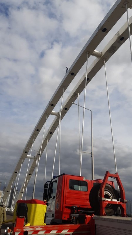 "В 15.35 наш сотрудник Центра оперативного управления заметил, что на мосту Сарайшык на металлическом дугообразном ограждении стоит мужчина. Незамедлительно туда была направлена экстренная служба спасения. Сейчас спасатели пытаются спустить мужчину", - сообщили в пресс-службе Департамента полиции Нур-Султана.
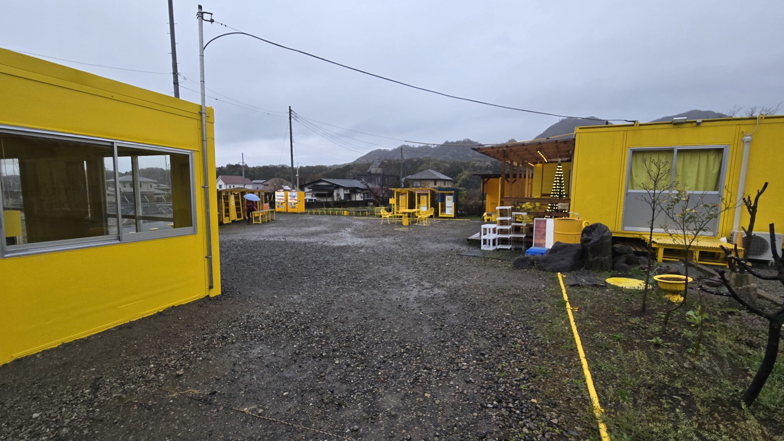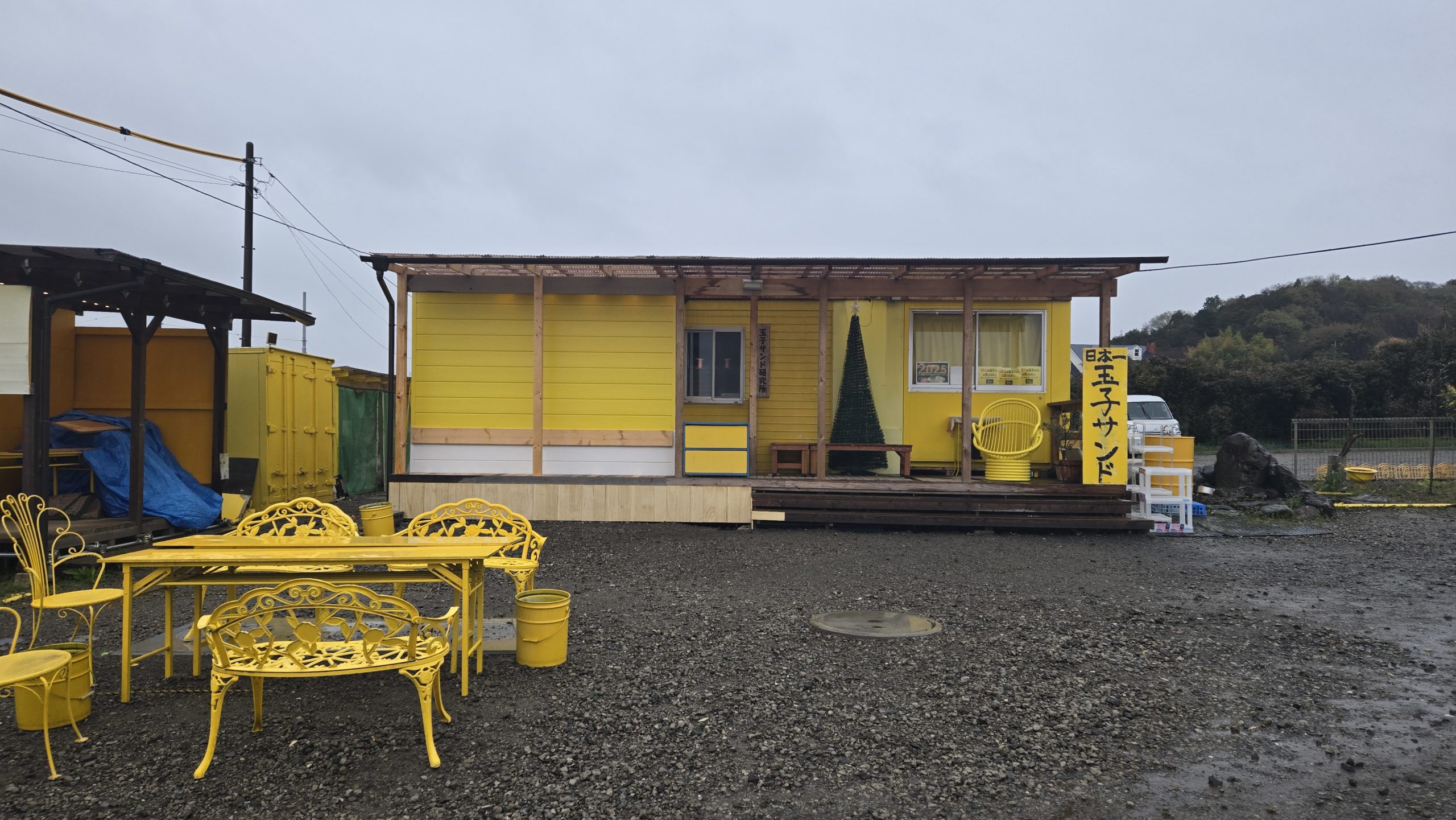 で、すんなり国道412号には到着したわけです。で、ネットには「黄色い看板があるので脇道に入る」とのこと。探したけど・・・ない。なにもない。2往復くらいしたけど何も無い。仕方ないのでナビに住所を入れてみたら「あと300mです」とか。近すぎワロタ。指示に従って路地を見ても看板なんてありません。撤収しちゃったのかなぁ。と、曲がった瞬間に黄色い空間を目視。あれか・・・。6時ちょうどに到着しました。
◇ ◇ ◇
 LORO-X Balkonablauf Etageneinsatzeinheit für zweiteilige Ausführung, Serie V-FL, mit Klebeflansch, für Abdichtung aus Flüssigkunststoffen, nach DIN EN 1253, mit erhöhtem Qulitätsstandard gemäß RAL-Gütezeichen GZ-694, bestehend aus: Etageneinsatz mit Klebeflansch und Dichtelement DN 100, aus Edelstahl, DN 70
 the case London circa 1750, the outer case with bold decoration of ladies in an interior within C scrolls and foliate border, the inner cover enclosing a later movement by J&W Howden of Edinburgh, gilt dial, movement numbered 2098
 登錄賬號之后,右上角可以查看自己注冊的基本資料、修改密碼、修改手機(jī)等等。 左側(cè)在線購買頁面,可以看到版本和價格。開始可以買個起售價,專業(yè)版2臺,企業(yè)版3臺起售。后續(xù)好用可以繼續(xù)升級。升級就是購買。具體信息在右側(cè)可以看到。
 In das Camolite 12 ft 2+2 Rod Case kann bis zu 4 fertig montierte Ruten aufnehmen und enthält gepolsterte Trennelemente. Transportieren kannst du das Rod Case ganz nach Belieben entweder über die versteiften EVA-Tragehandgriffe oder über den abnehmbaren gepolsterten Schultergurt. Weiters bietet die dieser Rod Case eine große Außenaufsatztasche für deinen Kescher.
◇ ◇ ◇
ASSIGNMENT. Only one stretch of the data above is needed. Restate it word for word, from the line containing "登錄賬號之后,右上角可以查看" through the line containing "In das Camolite", both ends included.

REPLY.
 登錄賬號之后,右上角可以查看自己注冊的基本資料、修改密碼、修改手機(jī)等等。 左側(cè)在線購買頁面,可以看到版本和價格。開始可以買個起售價,專業(yè)版2臺,企業(yè)版3臺起售。后續(xù)好用可以繼續(xù)升級。升級就是購買。具體信息在右側(cè)可以看到。
 In das Camolite 12 ft 2+2 Rod Case kann bis zu 4 fertig montierte Ruten aufnehmen und enthält gepolsterte Trennelemente. Transportieren kannst du das Rod Case ganz nach Belieben entweder über die versteiften EVA-Tragehandgriffe oder über den abnehmbaren gepolsterten Schultergurt. Weiters bietet die dieser Rod Case eine große Außenaufsatztasche für deinen Kescher.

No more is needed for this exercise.